#### Listed records
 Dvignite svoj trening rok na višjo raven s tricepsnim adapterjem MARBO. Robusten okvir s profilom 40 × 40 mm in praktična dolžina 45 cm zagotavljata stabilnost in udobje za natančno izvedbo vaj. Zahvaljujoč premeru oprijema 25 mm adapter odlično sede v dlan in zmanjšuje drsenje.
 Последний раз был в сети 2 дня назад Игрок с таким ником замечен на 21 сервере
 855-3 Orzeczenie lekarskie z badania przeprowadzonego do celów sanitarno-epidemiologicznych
--
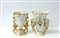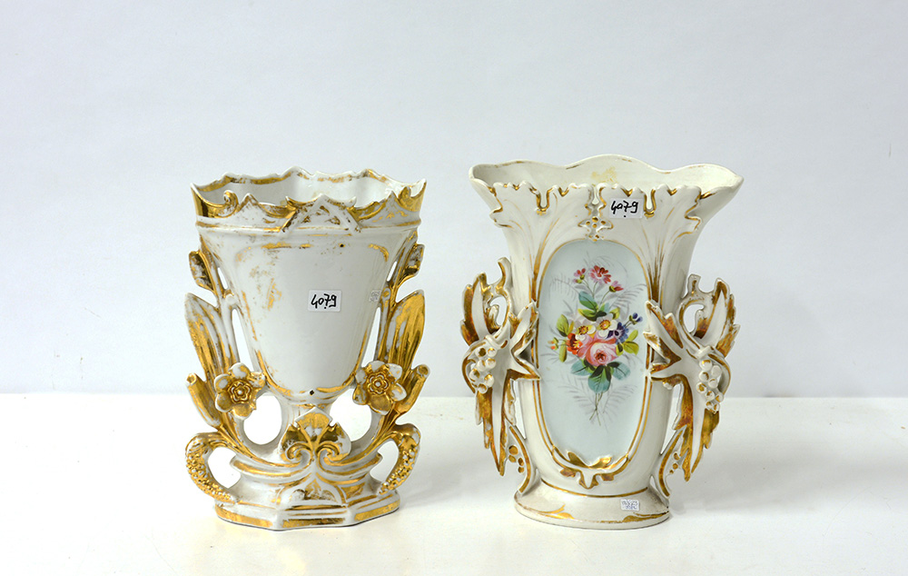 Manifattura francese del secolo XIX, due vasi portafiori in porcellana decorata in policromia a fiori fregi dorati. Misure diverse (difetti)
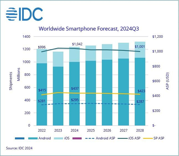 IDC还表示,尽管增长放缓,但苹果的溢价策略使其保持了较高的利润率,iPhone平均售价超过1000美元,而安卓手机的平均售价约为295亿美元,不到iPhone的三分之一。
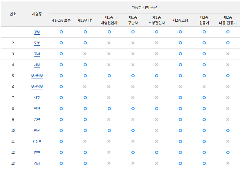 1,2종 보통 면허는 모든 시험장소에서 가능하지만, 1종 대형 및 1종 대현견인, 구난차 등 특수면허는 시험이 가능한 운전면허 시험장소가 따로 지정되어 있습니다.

#### Work request
Reproduce the listing above from the line that holds "Manifattura francese del" through the line that holds "1,2종 보통 면허는", both included, with the pictures left out.

#### Response to the task
 Manifattura francese del secolo XIX, due vasi portafiori in porcellana decorata in policromia a fiori fregi dorati. Misure diverse (difetti)
 IDC还表示,尽管增长放缓,但苹果的溢价策略使其保持了较高的利润率,iPhone平均售价超过1000美元,而安卓手机的平均售价约为295亿美元,不到iPhone的三分之一。
 1,2종 보통 면허는 모든 시험장소에서 가능하지만, 1종 대형 및 1종 대현견인, 구난차 등 특수면허는 시험이 가능한 운전면허 시험장소가 따로 지정되어 있습니다.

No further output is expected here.